Excerpts from a dataset

↓↓↓

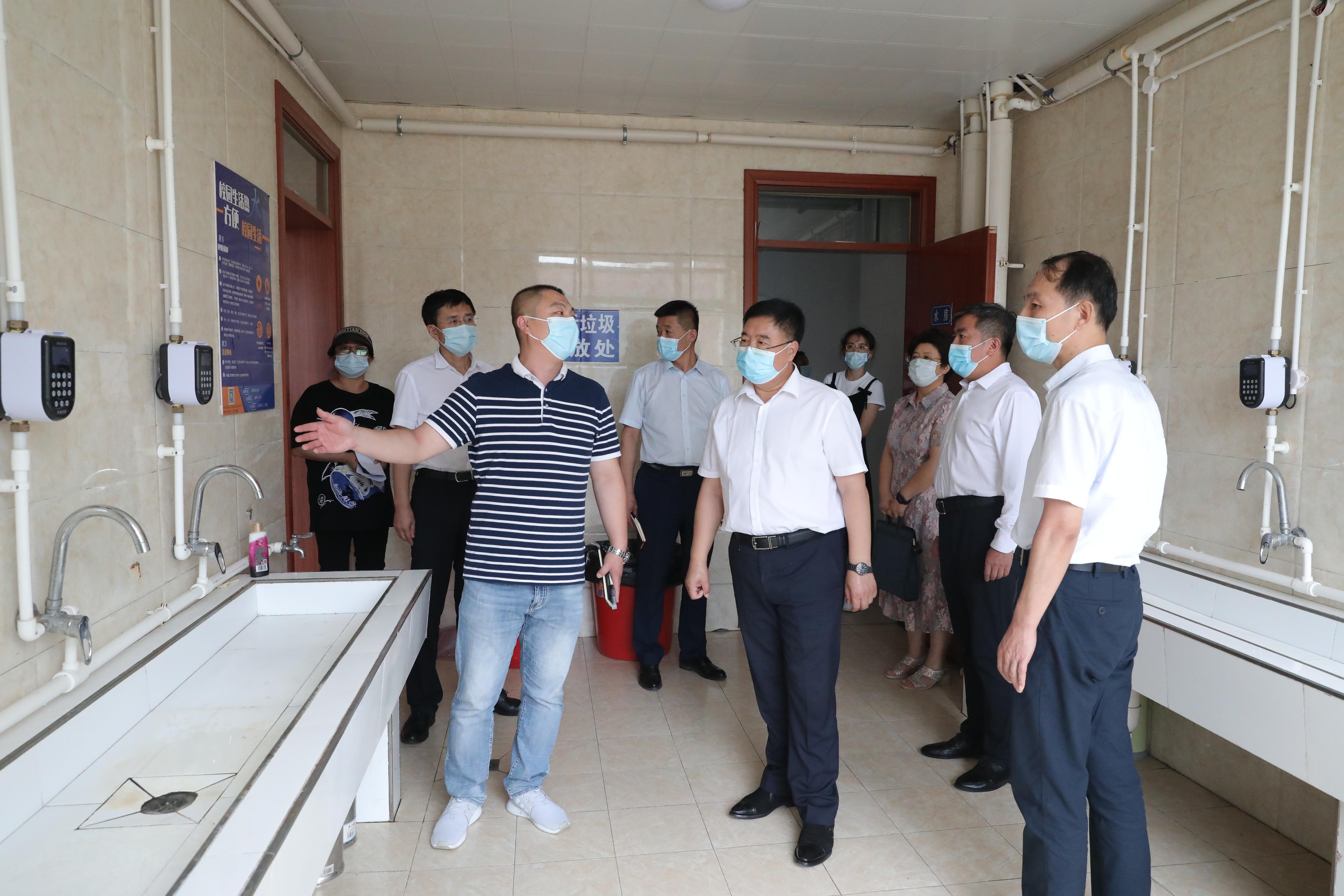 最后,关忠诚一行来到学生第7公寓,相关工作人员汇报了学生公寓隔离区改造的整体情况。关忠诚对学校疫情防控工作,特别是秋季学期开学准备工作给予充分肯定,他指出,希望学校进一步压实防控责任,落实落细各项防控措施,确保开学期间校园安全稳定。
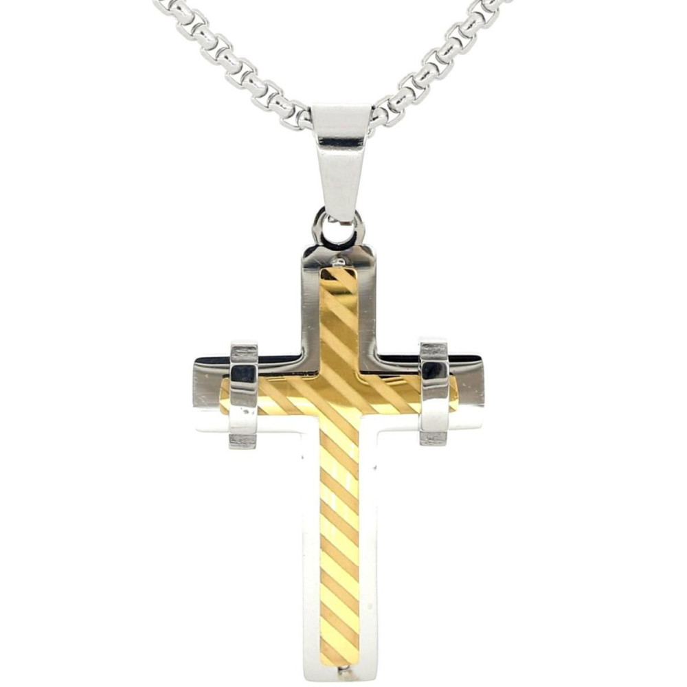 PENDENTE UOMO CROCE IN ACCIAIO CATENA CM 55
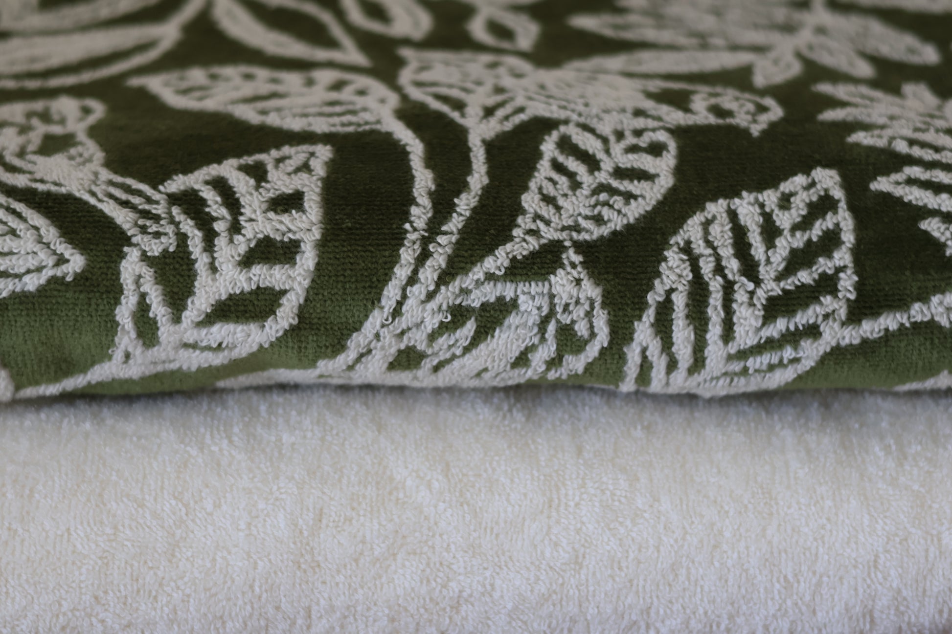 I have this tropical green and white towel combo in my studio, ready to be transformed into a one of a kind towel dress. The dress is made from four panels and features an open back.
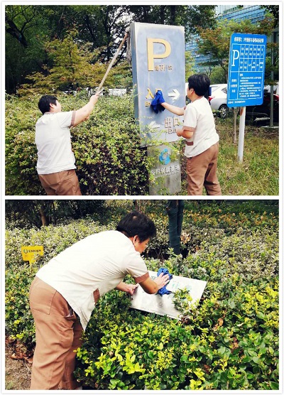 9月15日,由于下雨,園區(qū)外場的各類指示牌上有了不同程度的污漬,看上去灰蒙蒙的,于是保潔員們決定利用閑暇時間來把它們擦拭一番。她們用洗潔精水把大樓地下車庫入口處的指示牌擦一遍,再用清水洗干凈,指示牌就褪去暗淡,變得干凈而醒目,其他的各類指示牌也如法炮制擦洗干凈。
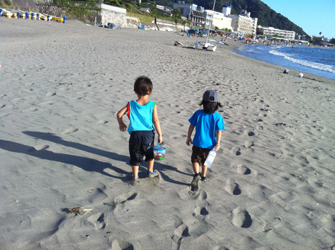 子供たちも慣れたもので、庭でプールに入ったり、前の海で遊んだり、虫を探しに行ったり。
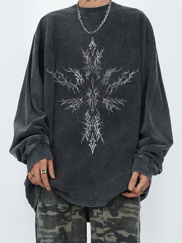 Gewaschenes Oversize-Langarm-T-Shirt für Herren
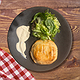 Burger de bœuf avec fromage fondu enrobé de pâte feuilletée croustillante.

↑↑↑

Only the lines from the start of the records above through the line containing "I have this" should be returned, exactly and with both ends, please; the pictures stay out.

Answer area
 最后,关忠诚一行来到学生第7公寓,相关工作人员汇报了学生公寓隔离区改造的整体情况。关忠诚对学校疫情防控工作,特别是秋季学期开学准备工作给予充分肯定,他指出,希望学校进一步压实防控责任,落实落细各项防控措施,确保开学期间校园安全稳定。
 PENDENTE UOMO CROCE IN ACCIAIO CATENA CM 55
 I have this tropical green and white towel combo in my studio, ready to be transformed into a one of a kind towel dress. The dress is made from four panels and features an open back.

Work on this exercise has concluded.